* **WHAT NEEDS TO BE DONE**:
What you return must match the data below exactly, minus any pictures.

* **DATA BELOW**:
■ ■ ■ ■ ■
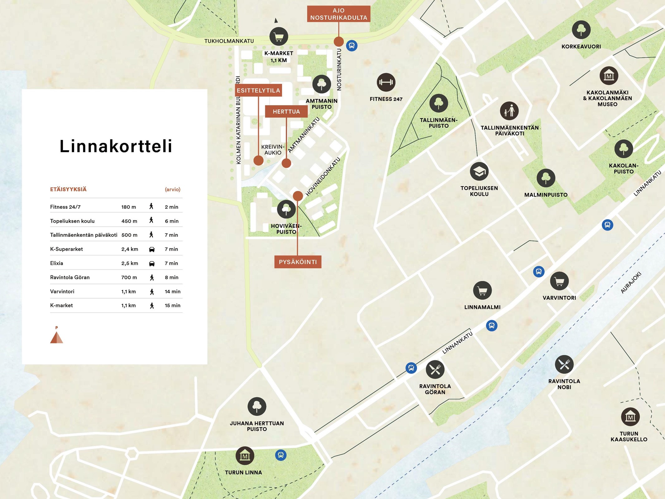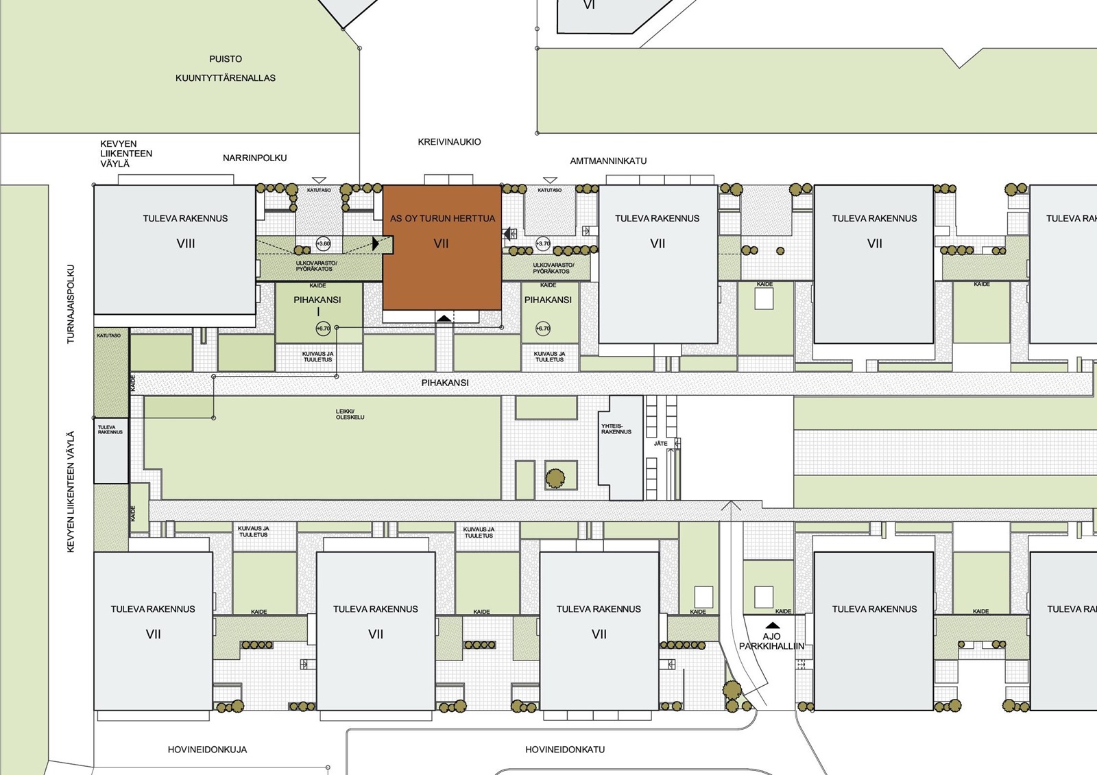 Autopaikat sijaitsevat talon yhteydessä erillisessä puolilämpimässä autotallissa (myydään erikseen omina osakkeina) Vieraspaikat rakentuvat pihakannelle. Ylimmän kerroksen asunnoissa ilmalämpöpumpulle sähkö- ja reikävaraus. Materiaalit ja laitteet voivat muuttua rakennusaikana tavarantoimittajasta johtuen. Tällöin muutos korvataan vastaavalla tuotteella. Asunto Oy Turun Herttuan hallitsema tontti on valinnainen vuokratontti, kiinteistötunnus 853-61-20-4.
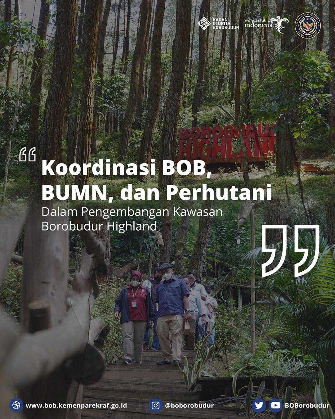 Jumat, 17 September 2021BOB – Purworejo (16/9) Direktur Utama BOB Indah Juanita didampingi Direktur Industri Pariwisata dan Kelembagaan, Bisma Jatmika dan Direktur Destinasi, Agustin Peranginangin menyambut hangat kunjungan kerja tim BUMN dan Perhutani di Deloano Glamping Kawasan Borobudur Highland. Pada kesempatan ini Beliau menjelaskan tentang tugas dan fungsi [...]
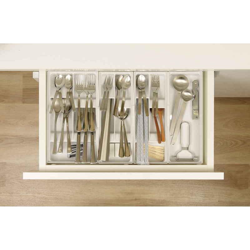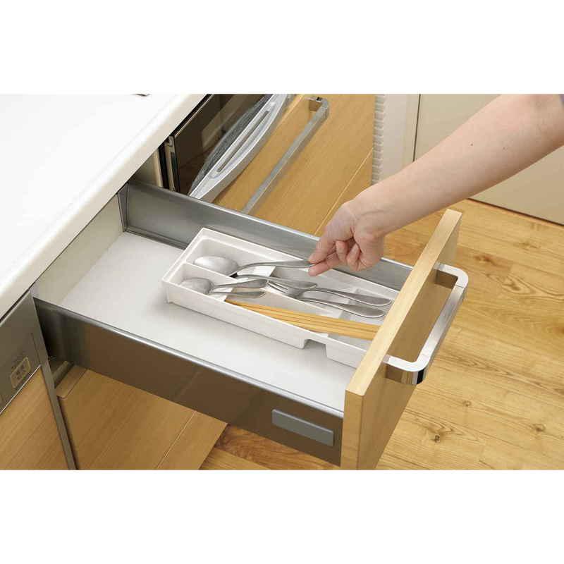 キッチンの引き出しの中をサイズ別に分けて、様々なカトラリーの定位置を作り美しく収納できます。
■ ■ ■ ■ ■
* **SOLUTION TO THE EXERCISE**:
 Autopaikat sijaitsevat talon yhteydessä erillisessä puolilämpimässä autotallissa (myydään erikseen omina osakkeina) Vieraspaikat rakentuvat pihakannelle. Ylimmän kerroksen asunnoissa ilmalämpöpumpulle sähkö- ja reikävaraus. Materiaalit ja laitteet voivat muuttua rakennusaikana tavarantoimittajasta johtuen. Tällöin muutos korvataan vastaavalla tuotteella. Asunto Oy Turun Herttuan hallitsema tontti on valinnainen vuokratontti, kiinteistötunnus 853-61-20-4.
 Jumat, 17 September 2021BOB – Purworejo (16/9) Direktur Utama BOB Indah Juanita didampingi Direktur Industri Pariwisata dan Kelembagaan, Bisma Jatmika dan Direktur Destinasi, Agustin Peranginangin menyambut hangat kunjungan kerja tim BUMN dan Perhutani di Deloano Glamping Kawasan Borobudur Highland. Pada kesempatan ini Beliau menjelaskan tentang tugas dan fungsi [...]
 キッチンの引き出しの中をサイズ別に分けて、様々なカトラリーの定位置を作り美しく収納できます。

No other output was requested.